▸ **Dataset entries**
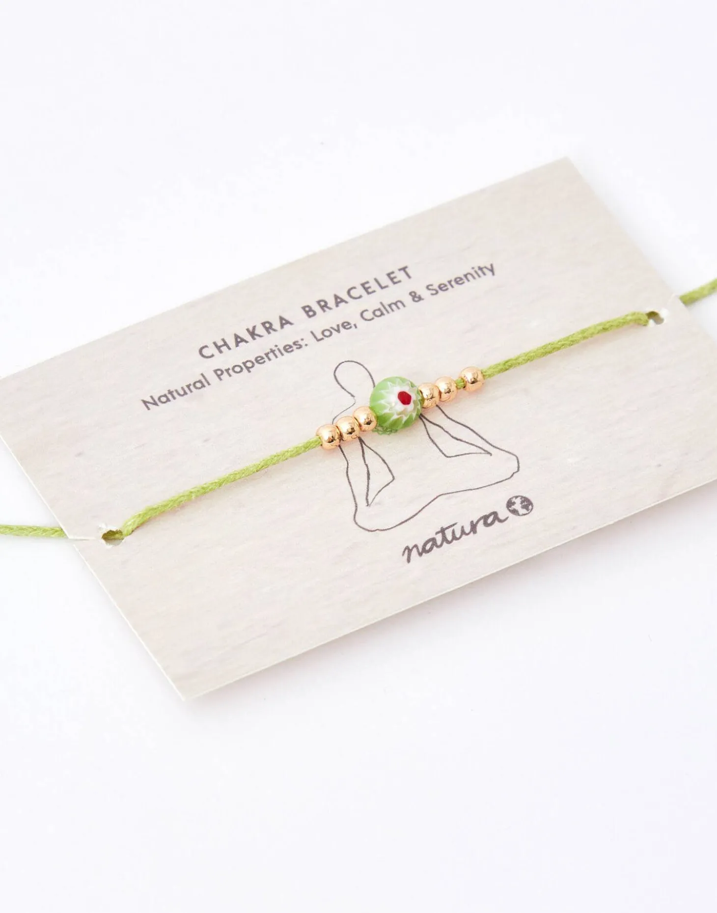 Pulsera de hilo con cuenta del color correspondiente a cada chakra y detalle de flor. Cierre de nudo corredizo.
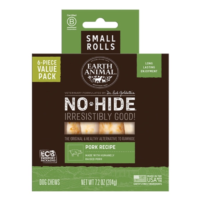 EARTH ANIMAL DOG NO-HIDE PORK ROLLS SMALL VALUE 6 PACK
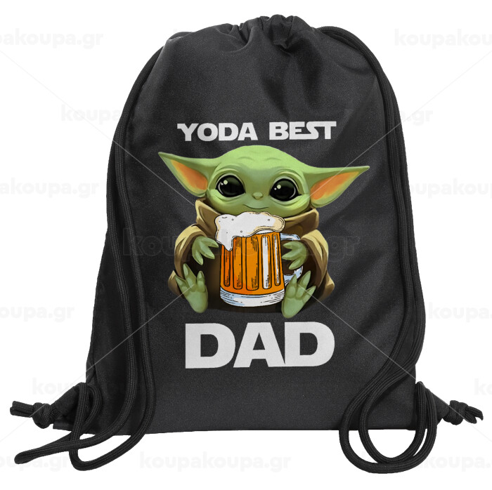 Yoda Best Dad, Backpack pouch GYMBAG Black, with pocket (40x48cm) & thick cords
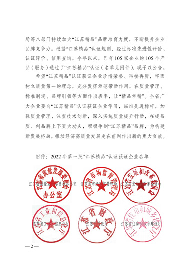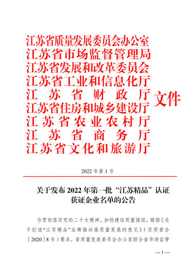 “江蘇精品”是江蘇省為推動形成一批自主創(chuàng)新、品質(zhì)高端、服務(wù)優(yōu)質(zhì)、信譽過硬、市場公認的“江蘇精品”品牌群體,以行業(yè)龍頭骨干、“專精特新”和“單項冠軍”等企業(yè)為主體認證對象,參照國際慣例、運用市場機制,由江蘇省市場監(jiān)管局會同省發(fā)改委等七部門開展的重點認證工作。
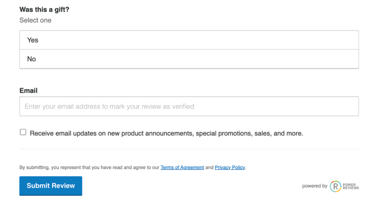 There are some instances where it makes sense to collect data in your review collection form that won’t be included in your review display–but will be leveraged internally. For example, you may want to include a newsletter opt-in form to your review collection. It’s a great way to grow your email list, with little effort.
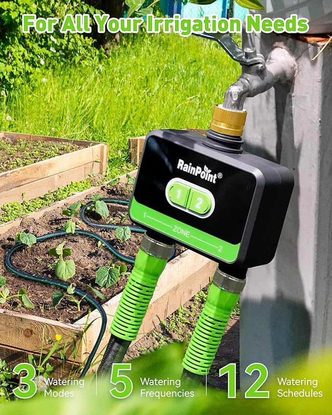 RainPoint WiFi Water Timer for Garden Hose with Brass Inlet, 2-Zone Smart Hose Timer, WiFi Irrigation Controller, Automatic Sprinkler Watering System for Lawns and Yard
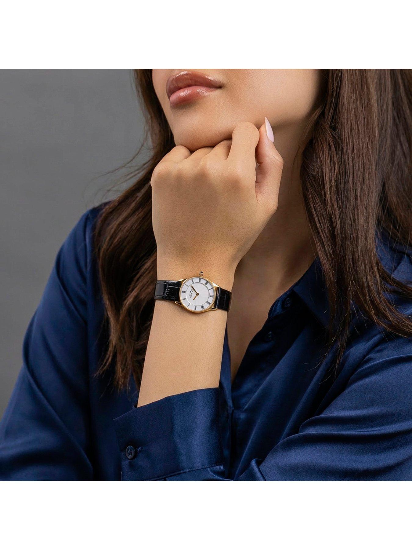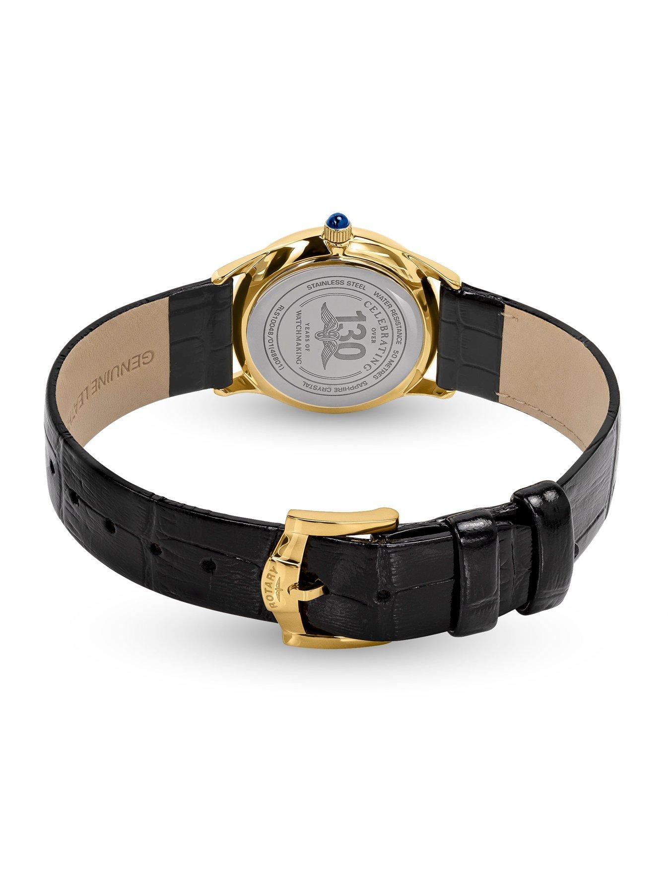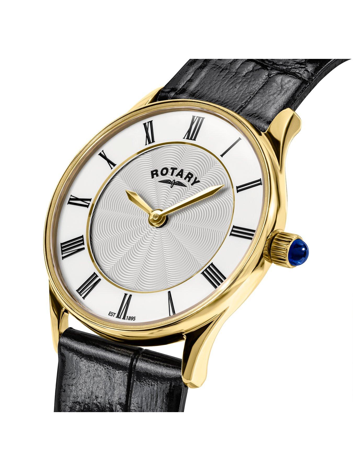 Rotary Rotary Ladies GP Black Strap White Dial 50mThis Rotary Heritage brings a slim, classic silhouette with a gold PVD 27mm case, a compact 31mm lug-to-lug, and a refined 5.3mm profile. Its two-layer white dial offers clean contrast and depth, framed by traditional Roman numerals and slim hands for a timeless, dress-focused look. A blue cabochon crown adds a subtle, elegant accent.Protected by flat sapphire glass and rated to 50m water resistance, the watch pairs vintage styling with dependable everyday durability. Light on the wrist yet rich in detail, it's built for understated, refined wear. A crisp, elegant classic - slender, polished, and grounded in traditional design.
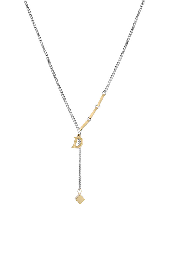 Дамско колие Daniel Klein с изчистен дизайн. Моделът е с декоративен елемент буквата "D" и кубче. Изработено е от неръждаема стомана.
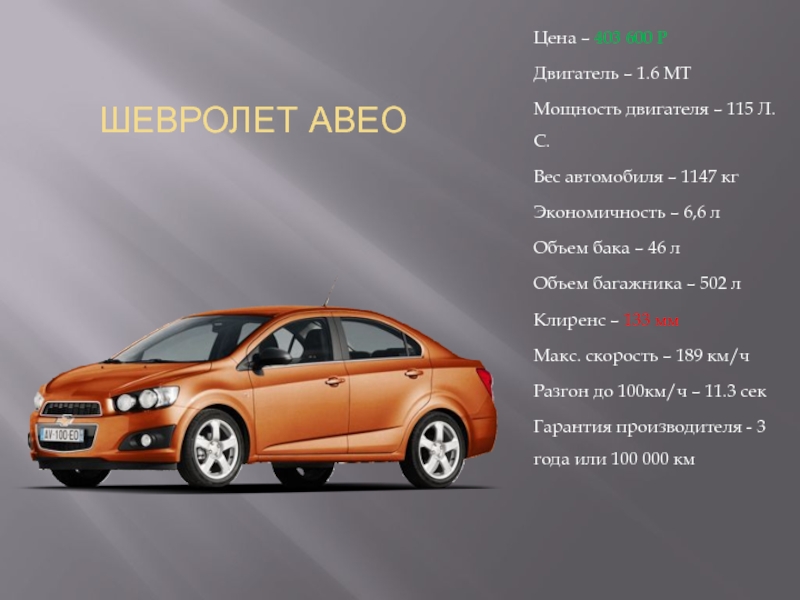 Слайд 6ШЕВРОЛЕТ АВЕО
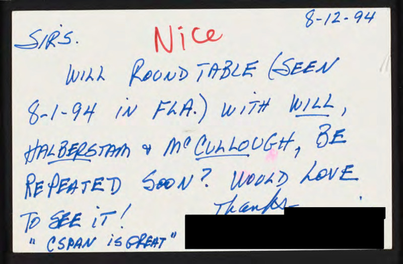 Asks if the program with David Halberstam, George Will, and David McCullough will be repeated.
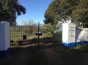 Continuar em frente até chegar a um aglomerado de casas. Existe um caminho que corta à esquerda, não tomar este caminho. Continuar em frente e contornar as casas até verem um portão no qual está escrito “Horta Grande da Cerca”. É ai.
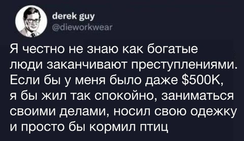 — Все адвокаты отказываются вести моё дело, как только узнают, что я действительно не крал эти десять миллионов долларов.
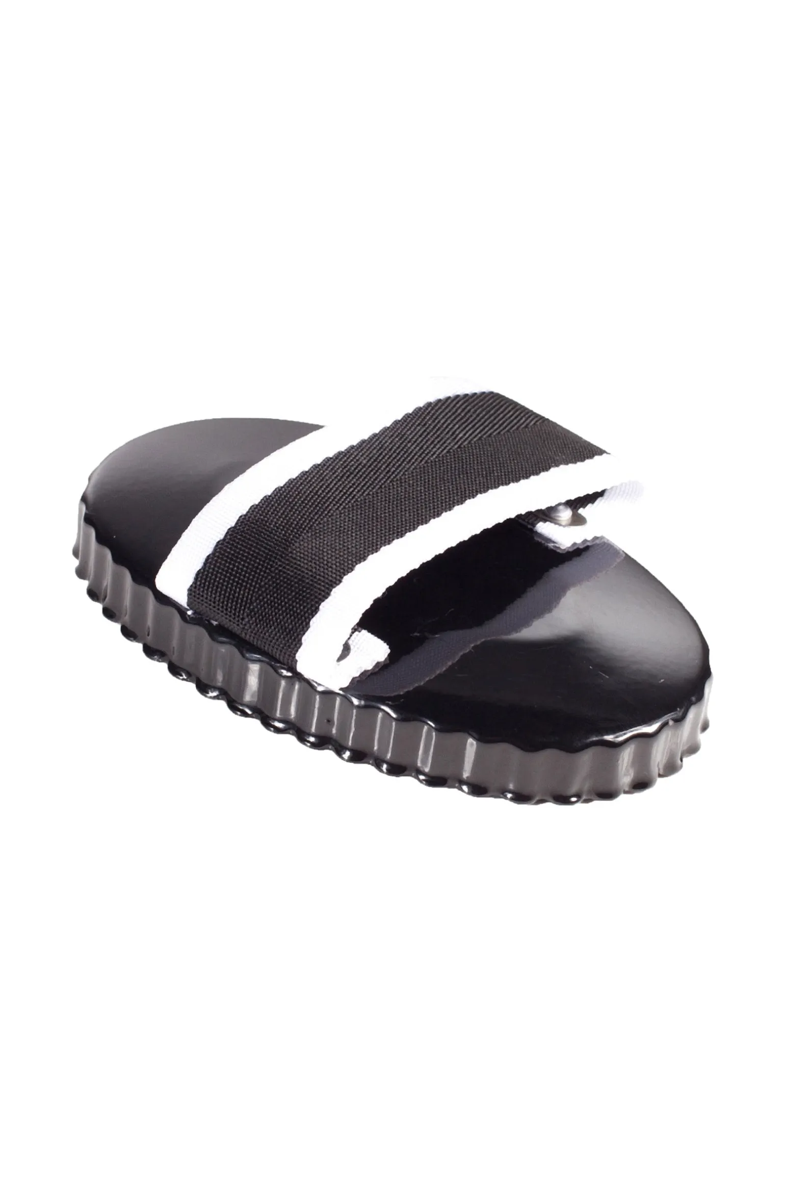 Federstriegel aus Metall. Ovale Form. Gewebte Handlasche.
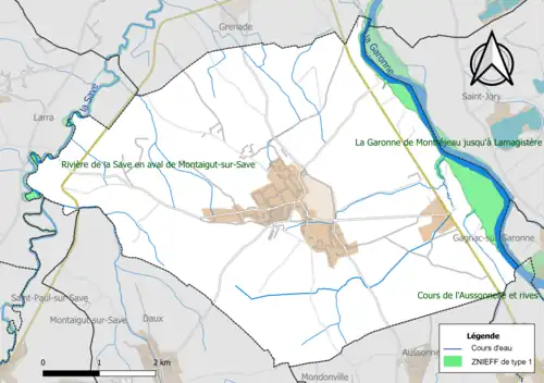 L’inventaire des zones naturelles d'intérêt écologique, faunistique et floristique (ZNIEFF) a pour objectif de réaliser une couverture des zones les plus intéressantes sur le plan écologique, essentiellement dans la perspective d’améliorer la connaissance du patrimoine naturel national et de fournir aux différents décideurs un outil d’aide à la prise en compte de l’environnement dans l’aménagement du territoire. Deux ZNIEFF de type 1[Note 3] sont recensées sur la commune[24] : « la Garonne de Montréjeau jusqu'à Lamagistère » (5 075 ha), couvrant 92 communes dont 63 dans la Haute-Garonne, trois dans le Lot-et-Garonne et 26 dans le Tarn-et-Garonne[25] et la « rivière de la Save en aval de Montaigut-sur-Save » (94 ha), couvrant 6 communes dont cinq dans la Haute-Garonne et une dans le Tarn-et-Garonne[26] et une ZNIEFF de type 2[Note 4],[24] : « la Garonne et milieux riverains, en aval de Montréjeau » (6 874 ha), couvrant 93 communes dont 64 dans la Haute-Garonne, trois dans le Lot-et-Garonne et 26 dans le Tarn-et-Garonne[27].
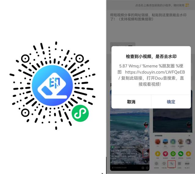 2、打开小程序【便捷短视频去水印】,小程序会自动弹窗获取你复制的视频链接。
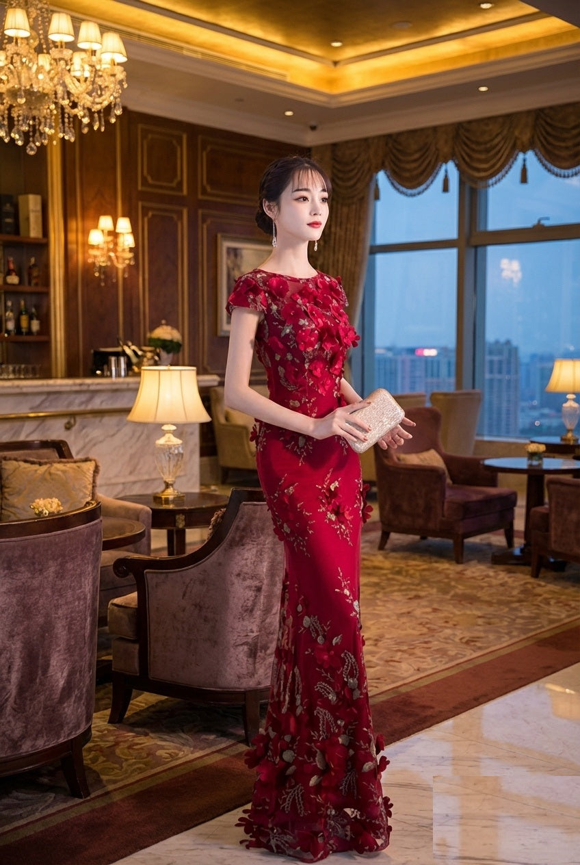 Sophia (着丈 サイズオーダー可能) マーメイドドレス オーダーメイド ロングドレス スリットドレス ノースリーブドレス レッドドレス ビジュードレス スパンコールドレス 上質サテン 微光沢 体型補整 美シルエット ホテルラウンジ 夜景 間接照明 気品 色気 主役級 ラグジュアリー フォーマル 結婚式 演奏会 パーティー 特別な夜 (レッド)XS S M L XL XXL XXXL

▸ **Task description**
Among the entries above, take the line with "Yoda Best Dad, Backpack", the line with "RainPoint WiFi Water", and all the lines between them, and restate them word for word without pictures.

▸ **Problem solution**
 Yoda Best Dad, Backpack pouch GYMBAG Black, with pocket (40x48cm) & thick cords
 “江蘇精品”是江蘇省為推動形成一批自主創(chuàng)新、品質(zhì)高端、服務(wù)優(yōu)質(zhì)、信譽過硬、市場公認的“江蘇精品”品牌群體,以行業(yè)龍頭骨干、“專精特新”和“單項冠軍”等企業(yè)為主體認證對象,參照國際慣例、運用市場機制,由江蘇省市場監(jiān)管局會同省發(fā)改委等七部門開展的重點認證工作。
 There are some instances where it makes sense to collect data in your review collection form that won’t be included in your review display–but will be leveraged internally. For example, you may want to include a newsletter opt-in form to your review collection. It’s a great way to grow your email list, with little effort.
 RainPoint WiFi Water Timer for Garden Hose with Brass Inlet, 2-Zone Smart Hose Timer, WiFi Irrigation Controller, Automatic Sprinkler Watering System for Lawns and Yard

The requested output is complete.